John B. Quinn is an American lawyer and one of the founding partners of the law firm known today as Quinn Emanuel Urquhart & Sullivan LLP. In 2011, Quinn was listed as one of America's "Most Influential Lawyers" by the National Law Journal. In a 2016 poll by Bloomberg Big Law Business, readers voted Quinn the country's “Most Famous Practicing Lawyer” at a top U.S. firm.

==Career==

Quinn attended Claremont McKenna College and Harvard Law School, where he was an editor of the Harvard Law Review and a Knox Fellow. He graduated in 1976 and joined the law firm of Cravath Swaine & Moore in New York, practicing corporate law between 1976 and 1979.

In 1986, he co-founded the law firm today known as Quinn Emanuel Urquhart & Sullivan, a litigation-only law firm headquartered in Los Angeles. Quinn has been general counsel to the Academy of Motion Picture Arts and Sciences, the organization that gives out the Oscars, since 1986.

In 2012, Quinn obtained a dismissal for Mattel with prejudice of a Sherman Act suit brought by a MGA Entertainment Inc.

In 2015, Quinn represented Nestlé USA, Inc. and Nestlé Dreyer’s Ice Cream Company in an antitrust action brought by Clemmy’s involving an alleged conspiracy to exclude competition in a claimed market for ice cream. The Court ruled that Clemmy’s hadn’t presented enough evidence to warrant the case reaching a jury trial.

In 2018, Quinn was lead trial counsel for Japanese entertainment company Tsuburaya Productions Co., Ltd. in a dispute concerning ownership of rights of the “Ultraman” superhero character.
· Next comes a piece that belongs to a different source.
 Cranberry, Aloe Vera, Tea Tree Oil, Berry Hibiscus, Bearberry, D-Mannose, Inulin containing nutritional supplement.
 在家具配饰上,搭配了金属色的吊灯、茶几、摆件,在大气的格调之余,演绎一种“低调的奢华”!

The jury would find in favor of Tsuburaya.

Quinn launched his legal podcast "Law, disrupted" in March 2022. Guests have included fellow lawyers, the Mayor of New York Eric Adams, and Johnny Depp trial lawyer Camille Vasquez.

In October 2022, at that year's Saudi-backed Future Investment Initiative Institute conference, Quinn told the New York Times that "the Saudis understand the oil market better than anybody else in the world. I think you have to take them seriously on the merits when they say we sense a declining demand, we need a stable market ... What's the U.S. argument? We asked you to [increase supply] and you didn't do it?"

==Personal life==

In 2013 Quinn opened Q Sushi in downtown LA with Chef Hiroyuki Naruke of Tokyo. It is an omakase menu of Chef Hiro's interpretation of artisan Edo-style sushi. In 2019, Q received a Michelin Guide star.
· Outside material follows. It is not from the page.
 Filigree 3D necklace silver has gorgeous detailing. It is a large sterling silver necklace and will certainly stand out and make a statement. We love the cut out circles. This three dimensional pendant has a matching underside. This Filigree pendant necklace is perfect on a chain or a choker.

Quinn brought the Museum of Broken Relationships to Los Angeles in June 2016.

Quinn has twice completed the Ironman World Championships in Kona, Hawaii.

In July 2024, Quinn was awarded an Honorary Doctor of Laws Degree by Busan University of Foreign Studies in recognition of his outstanding contributions in the field of business litigation and global leadership.